My Flying Wife (1991)

Passport to Hell

Comédie fantastique d’action au budget restreint, My Flying Wife (1991) d’O Sing-Pui nous plonge dans le monde merveilleux des esprits, dont le but est de se réincarner et celui des gangsters, forcés de combattre les premiers.

Chan Yu Qun (Sammo Hung Kam-Bo) est le responsable d’un garage de réparation de voiture. Avec ses mécaniciens, il est accessoirement membre des Triades. Il diligente alors Chiu (Terrence Fok Shui-Wa) pour retrouver une dénommée Helen Lo (Fennie Yuen Kit-Ying) qui doit une forte somme d’argent à leur boss (William Ho Ka-Kui). Alors qu’il se rend chez elle, il la sauve du suicide.

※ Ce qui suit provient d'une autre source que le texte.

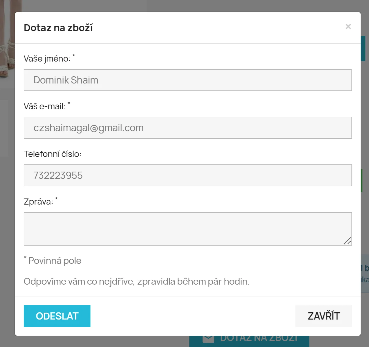 Vaši zákazníci mohou jednoduše vyplnit formulář pro zaslání dotazu o produktu. V případě, že jsou přihlášeni, budou jejich jméno, e-mail a telefonní číslo automaticky předvyplněny, což zjednoduší celý proces.
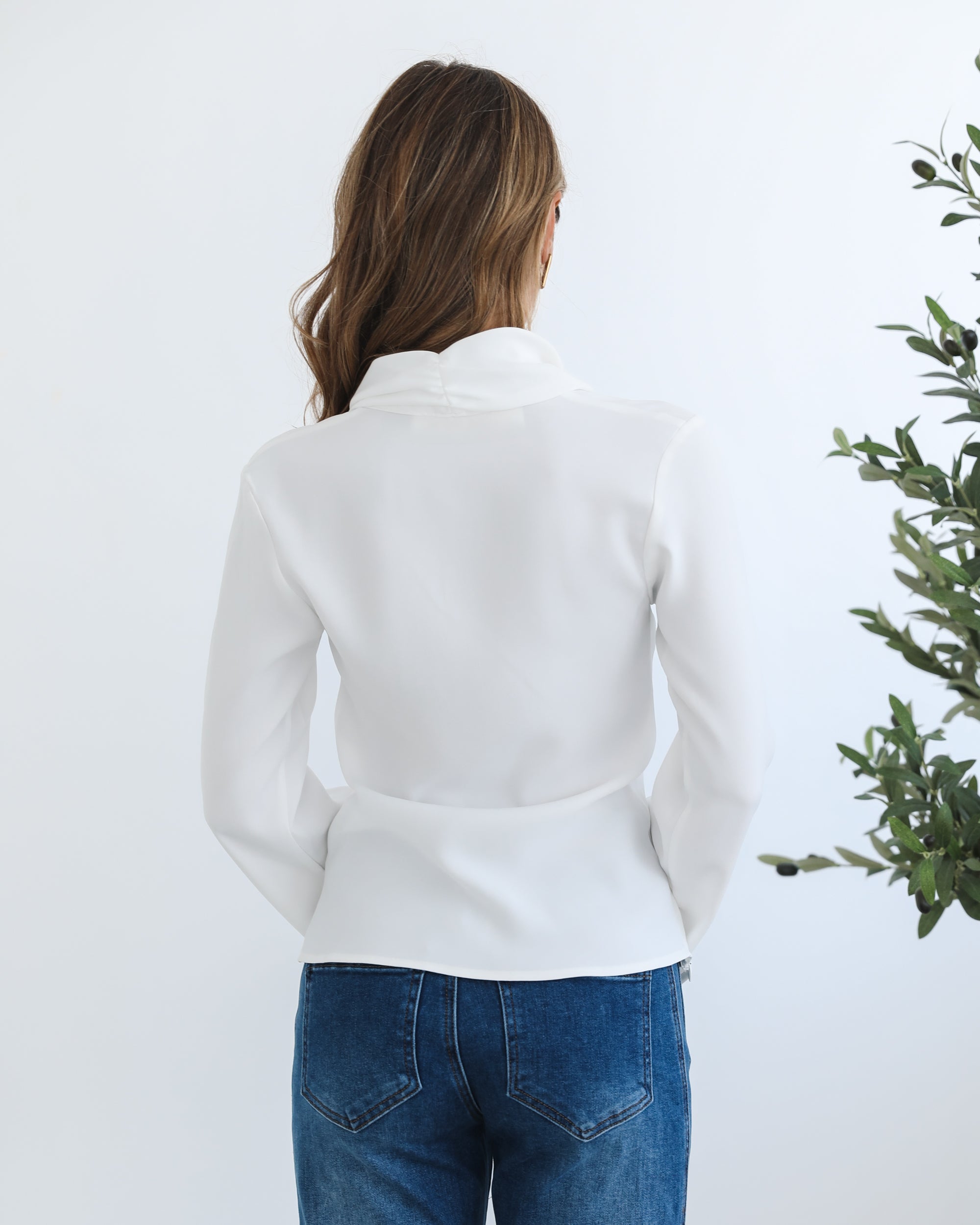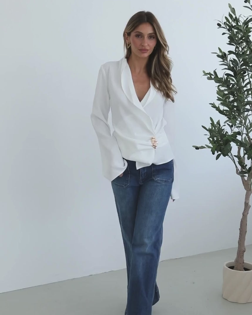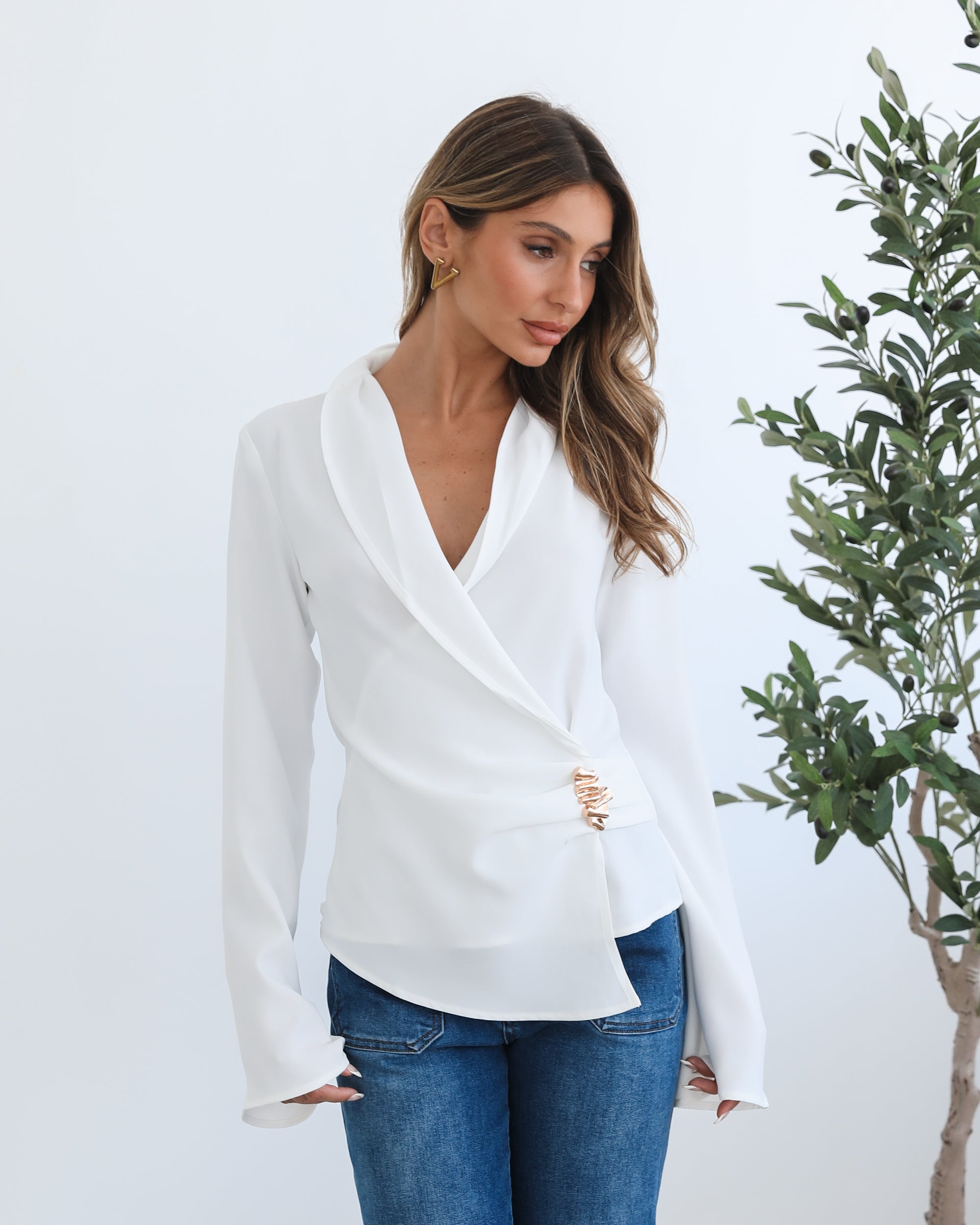 Our Odissa Top comes in white and gold tones. The epitome of effortless refinement, this number is designed with a v-neckline, long sleeves and gold detailing. Pair it with ailored trousers and pointed-toe heels for a sleek, power-dressing moment!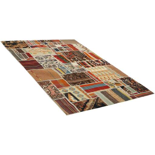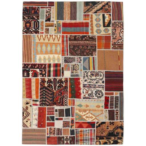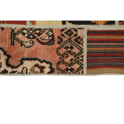 Tekkeh Kelims are produced from older Persian Kelims that have been cut into smaller pieces, sewn together, and given a back cover. Tekkeh means piece, so Tekkeh Kelim means a patchwork rug where many pieces have been sewn together. Tekkeh Kelims are available in many sizes and have thoroughly unique patterns. The rugs are produced from 20-50 year old Kelims. Kelim rugs are hand woven rugs that are made using a special weaving technique, giving the rugs a thinner, felt-like quality. Tekkeh Kelim is produced of older Persian kelim, cut into smaller pieces, sown together and with a backside applied. Tekkeh is the Persian name for pieces, and Tekkeh kelim is an expression for a patchwork rug, where several pieces are sown together. Tekkeh Kelim is available in many sizes and all pieces has unique patterns. used a special weaving technique, that gives the rug a thinner and felt like quality.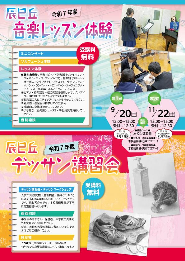 9月20日(土)11月22日(土)に【普通コース授業体験/音楽レッスン体験/デッサン講習会】が行われます。興味ある中学生は是非ご参加ください。 チラシ・申込用紙はこちら→(普通コース体験0920.pdf/芸術コース体験0920.pdf)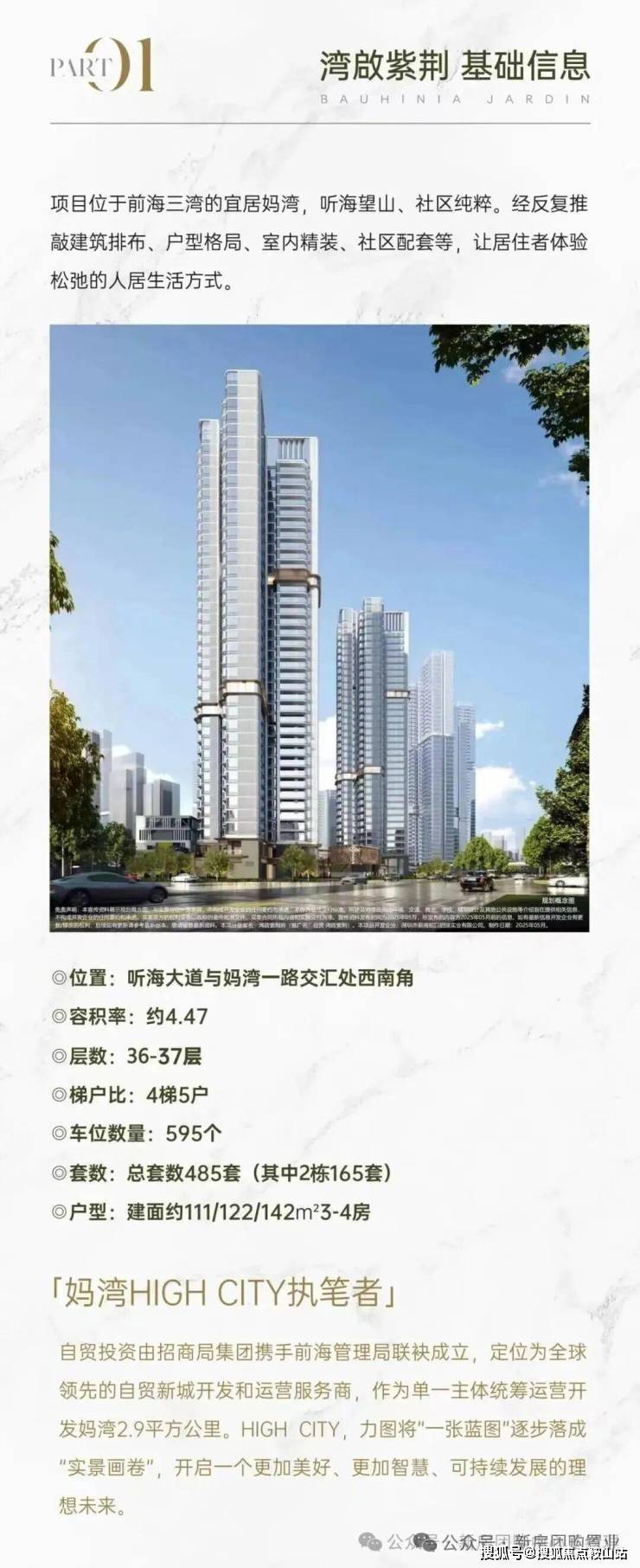 湾啟紫荆位于前海妈湾听海大道,占地约1.5万㎡,住宅建面约6.6万㎡,容积率5.14,共有三栋住宅组成,层高36-37F,共485户,车位595个,车位比1.1.2,4梯5户,主推约96㎡稀缺三房、111㎡3+1房、122㎡四房、142㎡四房。户型设计了大客厅、宽景阳台、阔景飘窗等,拥有山海河多重景观资源,计划品质精装交付。户型采用建筑新规设计,户户大阳台,4梯5户,分布式电梯设计,独立电梯厅。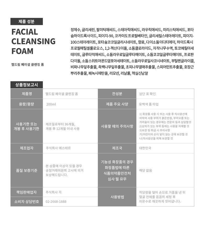 | 사용기한 또는 개봉 후 사용기간 | 제조일로부터 36개월,개봉 후 12개월 이내 사용 | 사용방법 | 적당량을 덜어 손으로 거품을 낸뒤얼굴 전체를 꼼꼼히 세정 후 미온수로 깨끗하게 씻어냅니다. |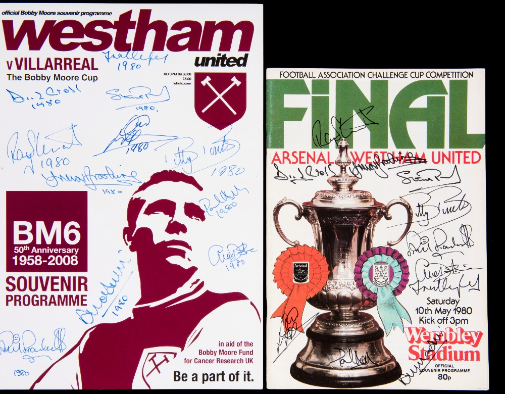 Autographed West Ham United 1980 F.A. Cup Final programme, superbly signed to the front cover by all eleven players in black marker, together with a programme issued for 'The Bobby Moore Cup' v Villareal at Upton Park in 2008, signed by the 1980 FA Cup winning team to the front cover in fine blue marker - with each player adding 1980 after their respective signature, both items come with a Certificate of Authenticity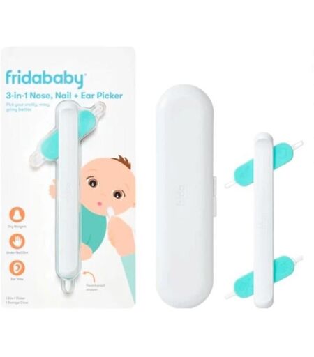 Frida Baby 3-in-1 Nose, Nail + Ear Picker er et alt-i-ett verktøy som gjør det enkelt å holde babyens nese, negler og ører rene. Med fire fleksible tips kan du trygt fjerne buser, ørevoks og annet smuss. ...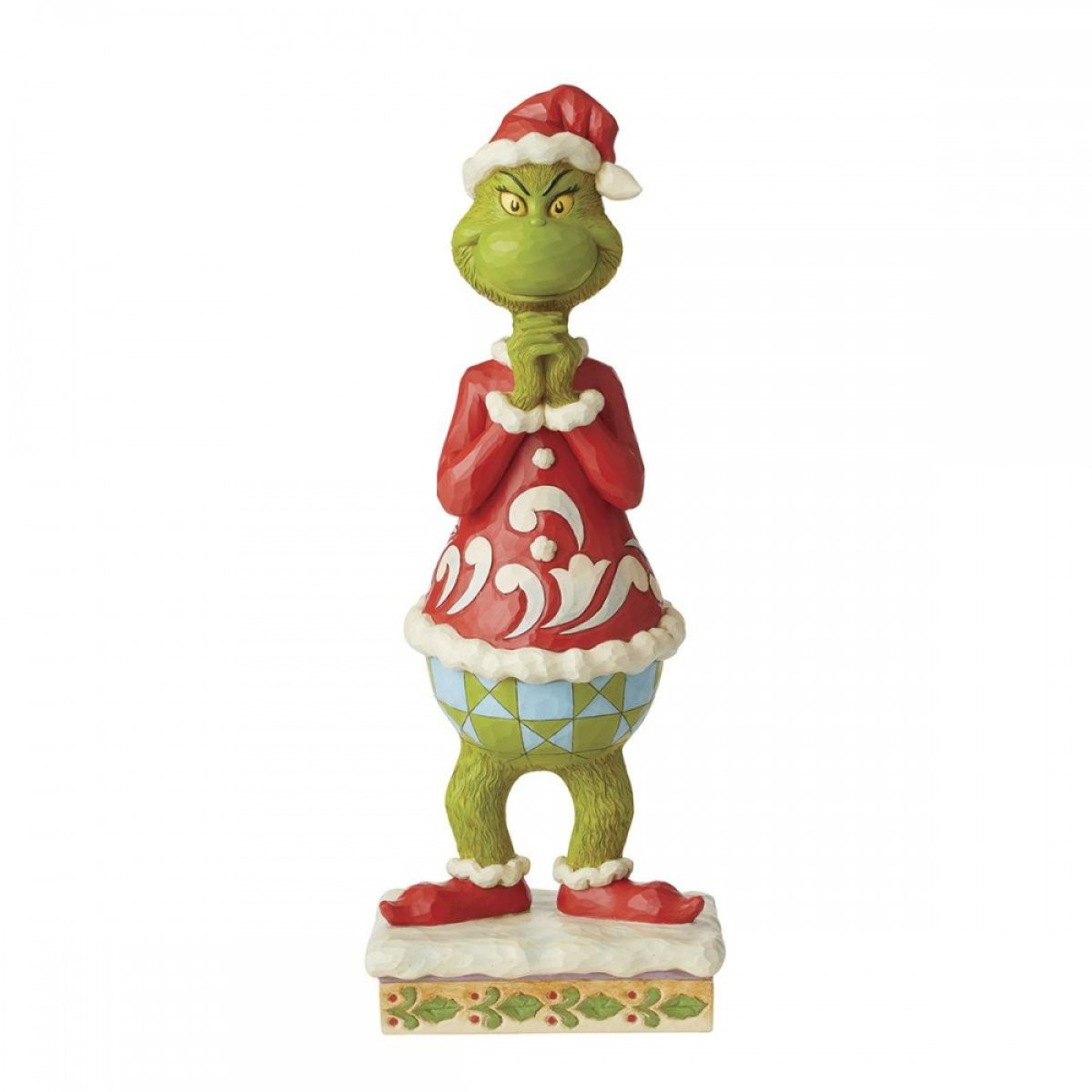 Grinch with his hands clasped below his chin thinks about his plans to steal Christmas. Jim Shore captures the colorful personality of the Grinch in this handcrafted 20" statue, while adding his own unmistakable folk-art design.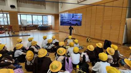 消防士の仕事について紹介されているDVDも見せていただきました。子どもたちから「消防士さんになりたい!」という声も上がっていました。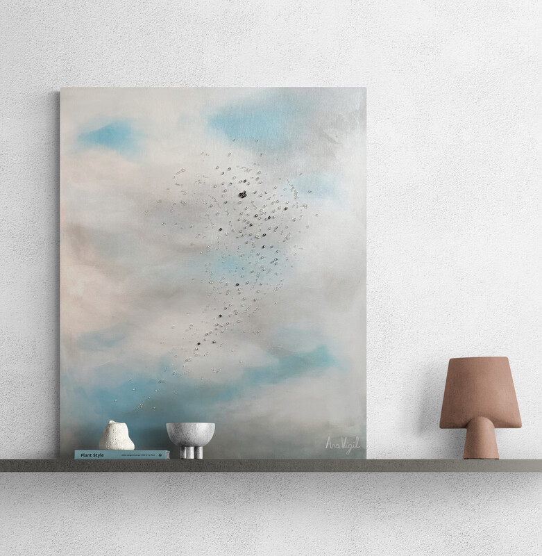 Técnica: mixta, acrílico con textura sobre lienzo con cristales austríacos

Du même coup, il empêche la réincarnation de Larry (To Ka-Ho), le fils de Siu Hung (Yu Li). Ces derniers sont des esprits en attente de réincarnation. Face à cet échec, Siu Hung met tout en œuvre pour faire réincarner son enfant. Pour sauver son homme de main, Chan Yu Qun fait appel à Fatt (Tommy Wong Kwong-Leung), un fat-si aveugle…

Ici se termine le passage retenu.